Важнее всего была информация. Заключенные на административных постах могли получать сведения о лагерях-сателлитах Освенцима, о перемещениях арестантов, отсевах и массовых казнях. Теперь они хотели, чтобы Фриц им помог наладить связи с другим ее важным источником: гражданскими рабочими. Для этого его собирались перевести на одну из фабрик комбината Буна. Он уже доказал, что умеет заводить дружбу с вольнонаемными, а на комбинате их работало много тысяч. Ему нашли место в Шлоссенкоманде-90 – слесарном подразделении команды строителей.
И вот как-то утром, впервые с момента прибытия в Моновиц, Фриц вышел за периметр лагеря, вместе с другими рабочими в сопровождении охранников миновал ворота и по главной дороге двинулся к комбинату Буна.
Только оказавшись на территории, он осознал, насколько тот огромный. Весь комплекс представлял собой сеть из улиц и железнодорожных путей. Стоя на главной дороге, идущей с востока на запад, с трудом можно было разглядеть другой конец комбината, таявший вдали, на расстоянии почти трех километров. Поперечные улицы, проложенные с севера на юг, в длину достигали километра. Прямоугольные участки между ними занимали фабричные здания, печи, мастерские, склады, цистерны с нефтью и химикатами и странные переплетения труб, напоминающие американские горки. Комплекс был поделен на секции: завод синтетических масел с относящимися к нему мастерскими, резиновая фабрика Буна, электростанция и мелкие производства, выпускающие и обрабатывающие химикаты. Большинство корпусов еще не работало – они были построены, но не отделаны изнутри.
Тысячи мужчин и женщин трудились на комбинате. Около трети составляли заключенные, остальное – гражданские лица. Слесарное подразделение – занимавшееся, по сути, всеми видами металлообработки в мастерских и на фабриках – состояло из дружелюбных, приятных людей. Большинство надзирателей обращались с заключенными мягко и напоминали работать «с оглядкой», то есть не спеша, но всегда отмечая, где находится охрана. Надзиратель, к которому попал Фриц, оказался политическим, бывшим узником Дахау – именно он помог членам Сопротивления получить для него назначение.
Фрица сделали главным помощником в первом подразделении на одной из фабрик, где работало множество германских вольнонаемных – в основном инженеров, техников и бригадиров. Большинство рабочих составляли польские и русские заключенные; они плохо понимали приказы на немецком, и за это надзиратели их наказывали. Если гражданский бригадир был недоволен их работой, концерн отправлял заключенных в Освенцим I «на учебу». Заключенным, говорившим на немецком, жилось намного легче; Фриц познакомился с вольнонаемными бригадирами и завоевал их доверие.
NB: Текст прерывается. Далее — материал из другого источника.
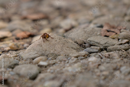 large forest wasp walking on the ground. Vespa crabro a dangerous venomous insect

С одним из них у него установились особенно тесные отношения. Фриц опять получал тайные подношения в виде хлеба и сигарет, а то и свежей газеты. Время от времени немцы останавливались поболтать, и Фриц внимательно слушал новости о войне, которые резко расходились с официальной пропагандой. Нацистов теснили по всем фронтам; потерпев поражение под Сталинградом, они подверглись ожесточенному нападению на востоке, британцы выбили их из Северной Африки, а американцы должны были вот-вот вступить в Италию и погнать их назад, в Германию. Фрицу было ясно, что этот немец не нацист; он тоже надеялся, что войне скоро наступит конец и что Германия проиграет. Каждый день Фриц изустно передавал своим товарищам собранную информацию (а вместе с ней драгоценные подарки – хлеб и газеты).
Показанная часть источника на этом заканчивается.